Please make an exact copy of the lines from the one holding "Диван Annette трехместный" through the end of the data, both ends included, with no pictures.

| Information |
========

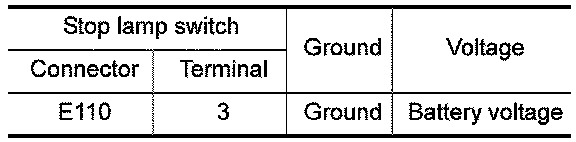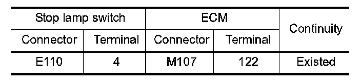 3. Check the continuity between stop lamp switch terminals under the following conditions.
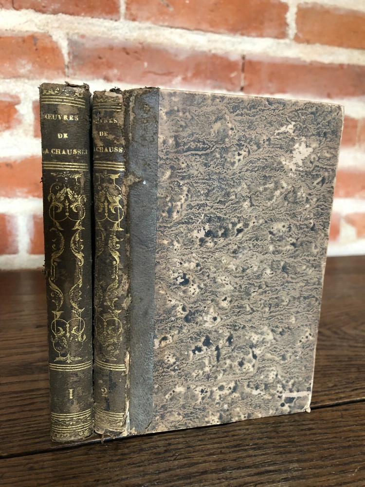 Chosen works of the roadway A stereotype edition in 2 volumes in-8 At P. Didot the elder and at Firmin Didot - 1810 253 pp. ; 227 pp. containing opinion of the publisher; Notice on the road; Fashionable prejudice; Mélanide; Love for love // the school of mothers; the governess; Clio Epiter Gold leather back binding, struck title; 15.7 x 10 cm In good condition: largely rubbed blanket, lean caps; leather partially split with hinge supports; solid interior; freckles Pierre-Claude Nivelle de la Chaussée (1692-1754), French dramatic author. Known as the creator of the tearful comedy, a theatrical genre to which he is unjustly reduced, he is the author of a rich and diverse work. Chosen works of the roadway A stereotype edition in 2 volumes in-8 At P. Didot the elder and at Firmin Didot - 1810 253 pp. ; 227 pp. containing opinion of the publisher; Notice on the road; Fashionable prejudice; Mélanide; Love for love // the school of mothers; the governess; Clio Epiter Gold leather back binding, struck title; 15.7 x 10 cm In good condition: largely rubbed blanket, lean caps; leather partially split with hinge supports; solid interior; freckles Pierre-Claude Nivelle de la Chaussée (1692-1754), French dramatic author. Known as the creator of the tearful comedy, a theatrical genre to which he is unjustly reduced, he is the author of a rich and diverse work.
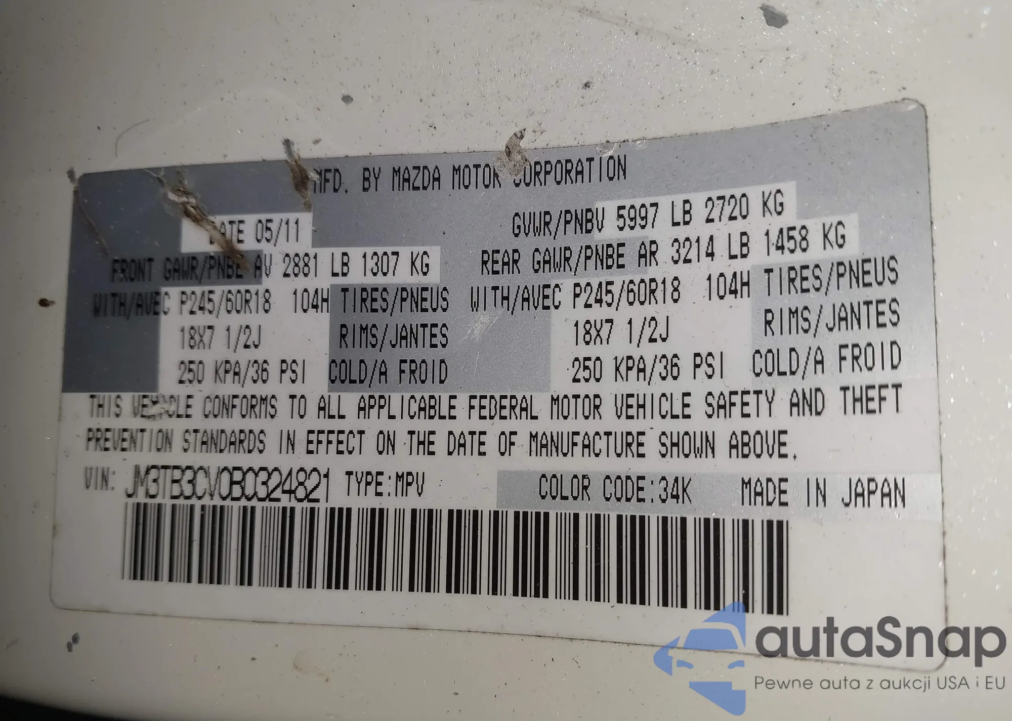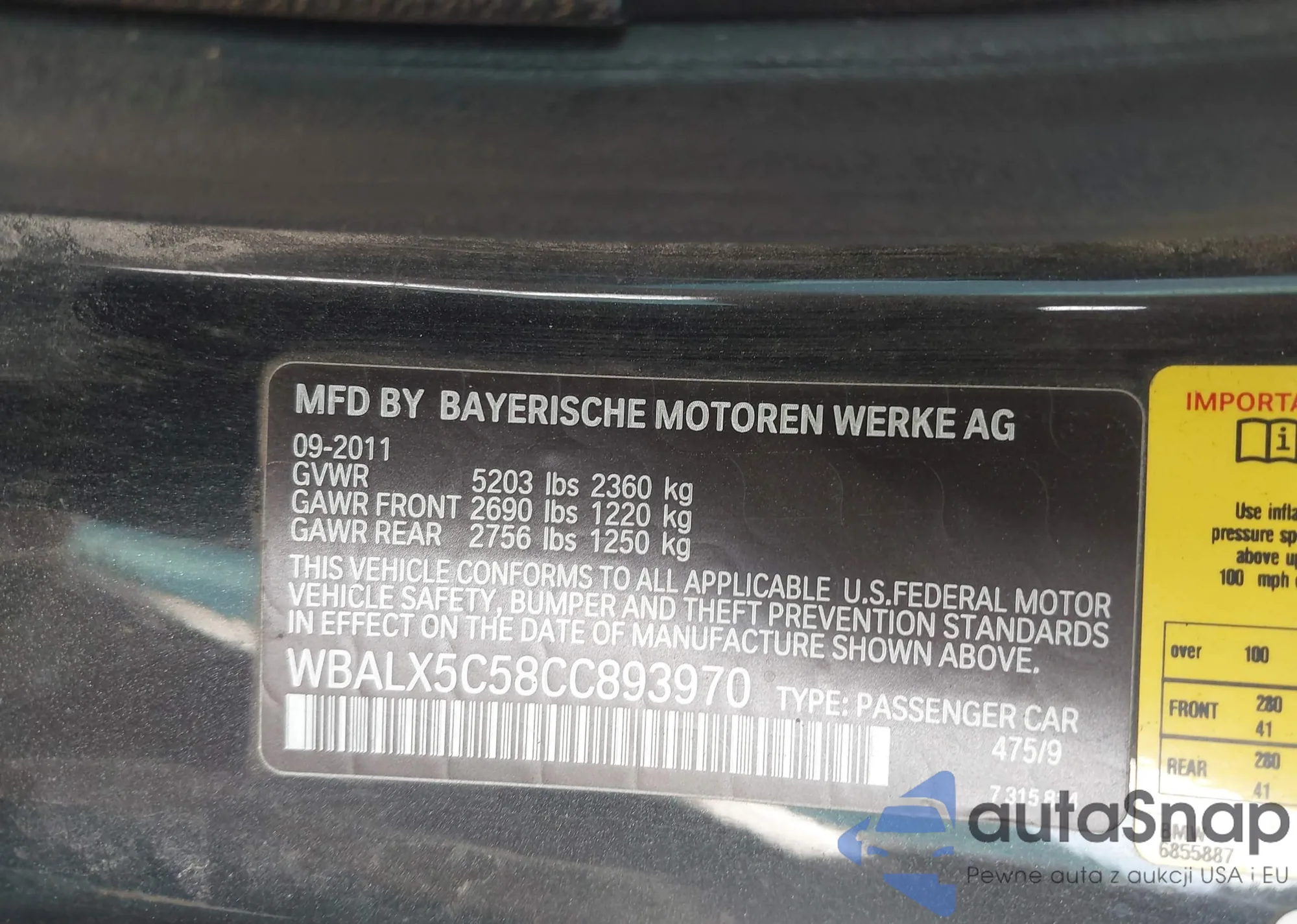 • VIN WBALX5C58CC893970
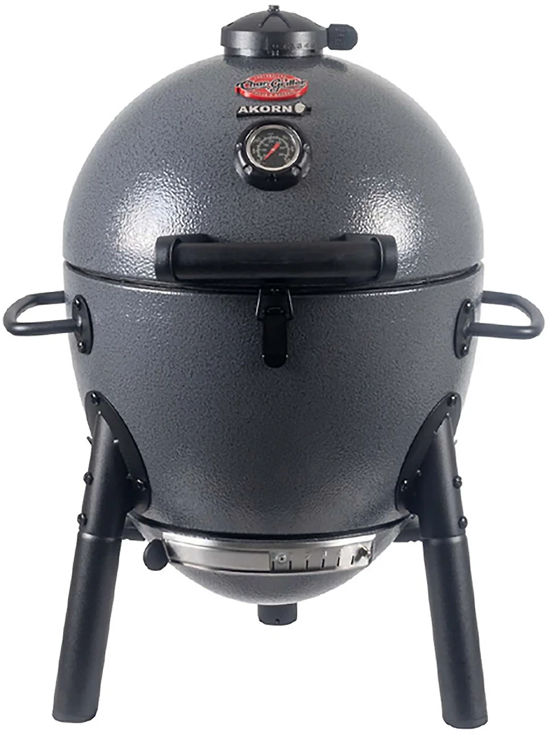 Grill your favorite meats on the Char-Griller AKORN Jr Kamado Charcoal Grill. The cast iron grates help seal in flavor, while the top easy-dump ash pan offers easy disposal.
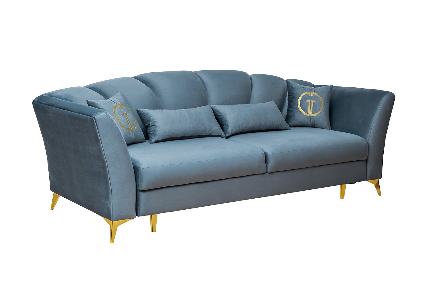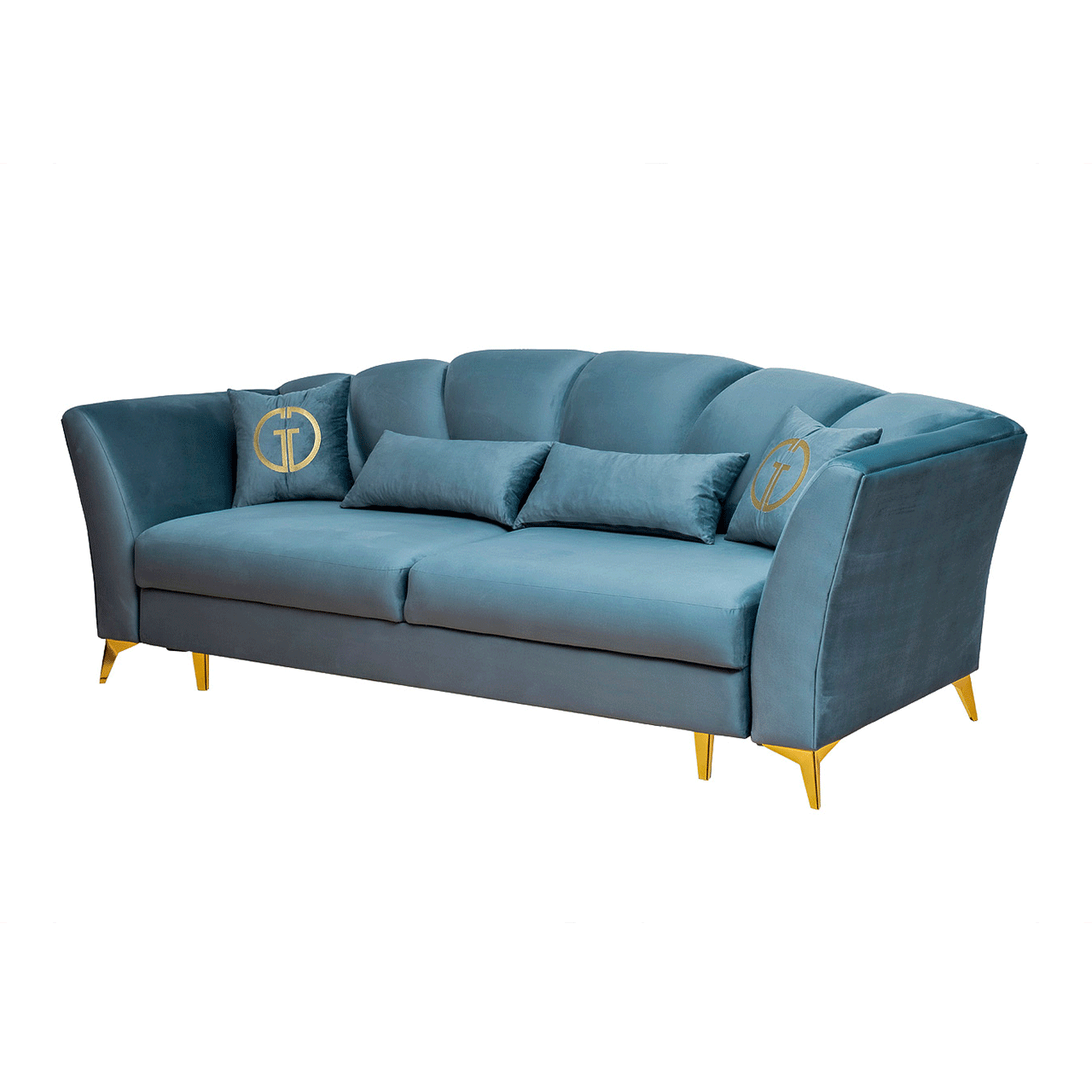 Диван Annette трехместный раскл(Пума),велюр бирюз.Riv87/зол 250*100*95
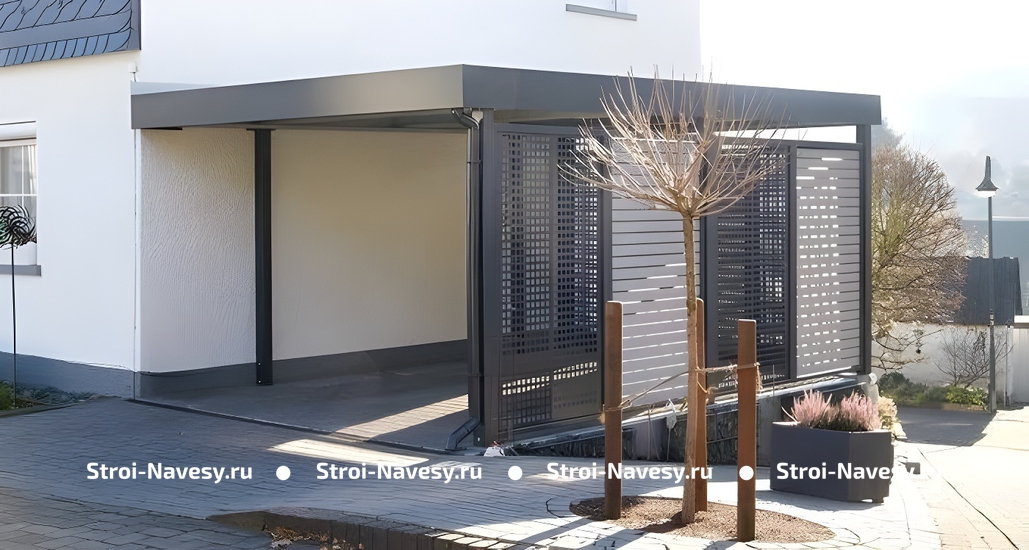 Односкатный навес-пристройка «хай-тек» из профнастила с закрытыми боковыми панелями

========

| Response to the task |
 Диван Annette трехместный раскл(Пума),велюр бирюз.Riv87/зол 250*100*95
 Односкатный навес-пристройка «хай-тек» из профнастила с закрытыми боковыми панелями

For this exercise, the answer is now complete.